Unfortunately, these numbers will play into the farmers’ 10-year APH. For others who opted to include yield exclusion on their crop insurance plans, there may be hope. With this option, Tate said any time the whole county makes less than 50 percent of the average county yield, the year’s yield could be eliminated—as if it was never planted. While this would be great for some producers, it is still a loss. The unprecedented yield expectations of 2018 are now an untapped opportunity for producers to increase averages on a record year because of a natural disaster.
 
Misconceptions and Moving Forward
 
Producers now focus on making damage assessments and reports as they petition state and federal government representatives for aid. They are also fighting the misconception that farmers will receive unchecked payouts. Farm policies from the past provided payments not tied to production. These dated policies gave producers a bad rap and hindered farmer productivity, as payments generally went to landowners. Now the farmer’s coverage is dependent on an APH and an individualized insurance policy to cover risk.
 
Congress has the power to make procedural changes because of the scope of this agricultural disaster.
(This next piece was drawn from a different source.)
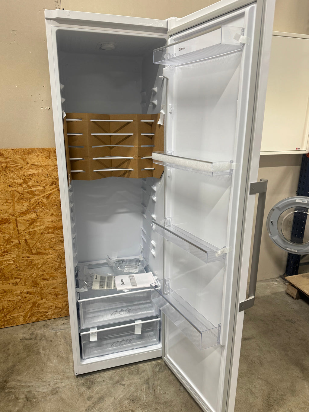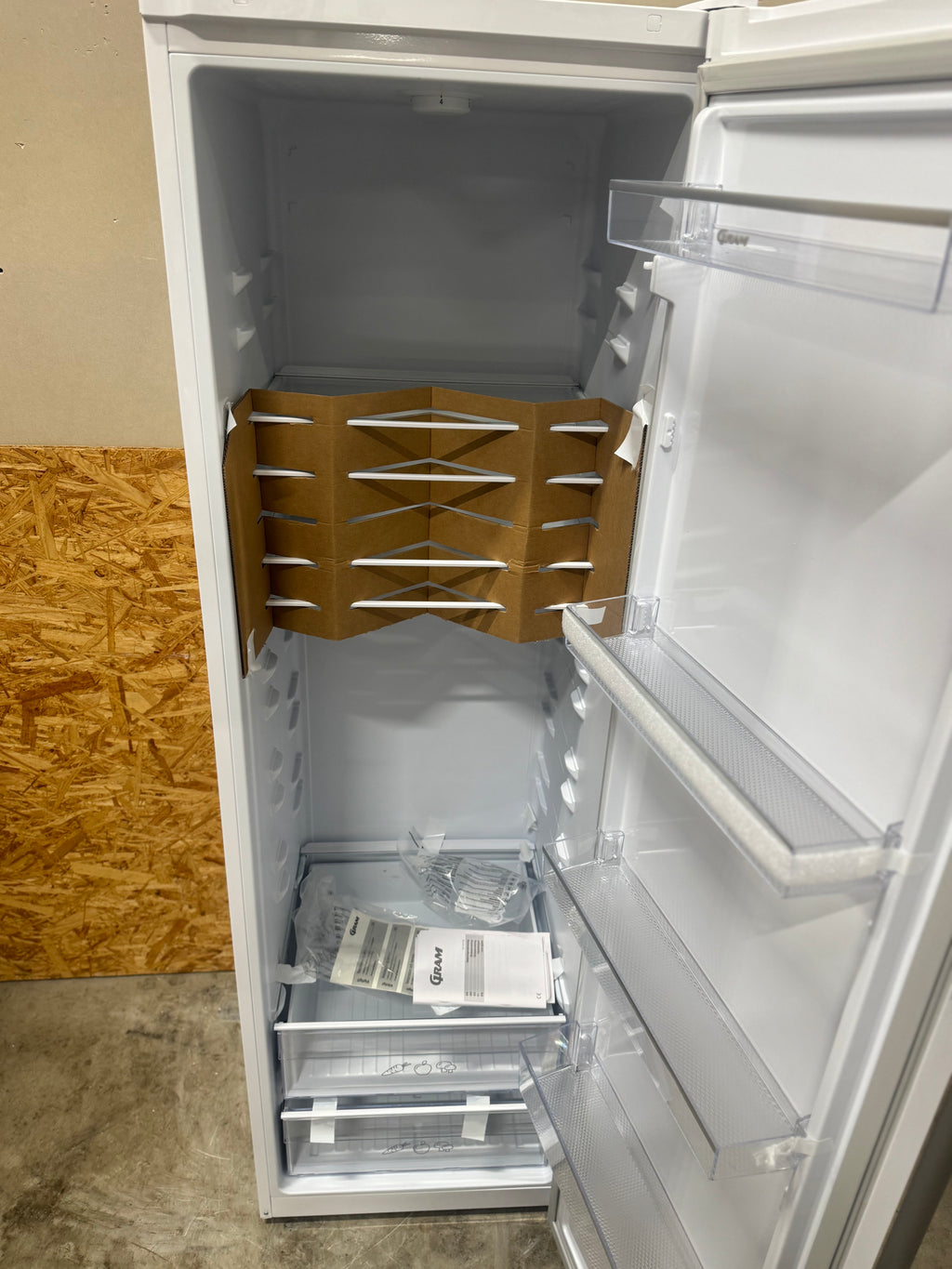 Ubrugt køleskab med 24 mdr. garanti – ubrugt Gram køleskab med 309 ltr. kapacitet og plads til alle dine madvarer. Helt nyt lækker køleskab der aldrig har været i brug. Bemærk: Har fået en lille bule på hørje side af døren. Du er altid velkommen til at besigtige produktet på vores lager i Glostrup inden køb.

Past changes have allowed farmers to zero out yields in adverse conditions for a particular year. Previous provisions also included loss variances or a full payment for an entire geographical area.
 
Runge and Tate said it is too early to know what relief will be made available to farmers aside from crop insurance, if any. This makes it extremely important for producers to report losses and work with local agencies to ensure they hear their voice.
 
Runge said farm income is about half of what it was five years ago, and unfortunately this disaster will put some farmers out of business.